Didier Decoin et la lâcheté ordinaire

Ils sont 38 à l’avoir laissée crever sans bouger le petit doigt. Avec ce fait divers, Didier Decoin nous ressort là un épisode qui fait froid dans le dos.

Décor de cinéma: nous sommes dans le Queens, quartier peu à la mode en 1964. Le froid est mordant et la nuit bien entamée lorsque Kitty Genovese, jeune femme d’origine italienne, rentre chez elle, éreintée par une longue soirée de travail au restaurant. Dans son appartement l’attend son amie, bien au chaud dans leur lit.
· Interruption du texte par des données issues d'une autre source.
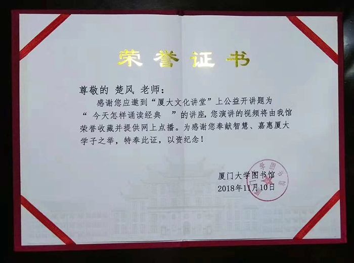 肖亮老师的讲座视频已由厦门大学图书馆荣誉收藏并提供网上点播,目前观看数已超过2400人次。肖亮老师也因奉献智慧、嘉惠厦大学子之举,被厦门大学图书馆授予荣誉证书。

Lorsque Kitty s’approche de son immeuble, elle perçoit une ombre qu’elle comprend immédiatement comme menaçante. Au pas de course, elle se précipite sur le poste de secours au coin de la rue. Elle l’atteint au même instant où son agresseur lui plante sa lame dans le dos.
Battu en retraite par les cris de sa victime, l’homme désormais pris dans son désir de tuer reviendra à la chasse après avoir déplacé sa voiture, trop visible. Il sait qu’elle est blessée, qu’elle a du ramper quelque part, il la retrouvera dans la cage d’escalier de son immeuble. Et c’est là que commence un acharnement de violence qui aura pour témoins auditifs ou oculaires pas moins de 38 personnes dont aucune ne lèvera le petit doigt pour mettre un terme au massacre.
Dans la lignée d’un Truman Capote et de son excellent roman De sang froid qui marqua un tournant décisif dans le roman de non-fiction, Decoin réussit l’exploit de renouveler le genre en décrivant un crime qui secoua une Amérique en mal de repères moraux depuis l’assassinat de Kennedy. De son meurtrier, il fait une personnalité complexe, sorte de loup-garou qui embrassait ses enfant avant de partir en chasse, félin dépourvu de remords qui aura ce mot destructeur à propos de l’immobilisme des témoins lors de cette nuit qui mit fin à l’existence de Kitty Genovese: «Je savais que personne ne bougerait.» Et le lecteur de trembler. (sbr)

Est-ce ainsi que les femmes meurent?, Didier Decoin, éd. Le Livre de Poche, 192 p.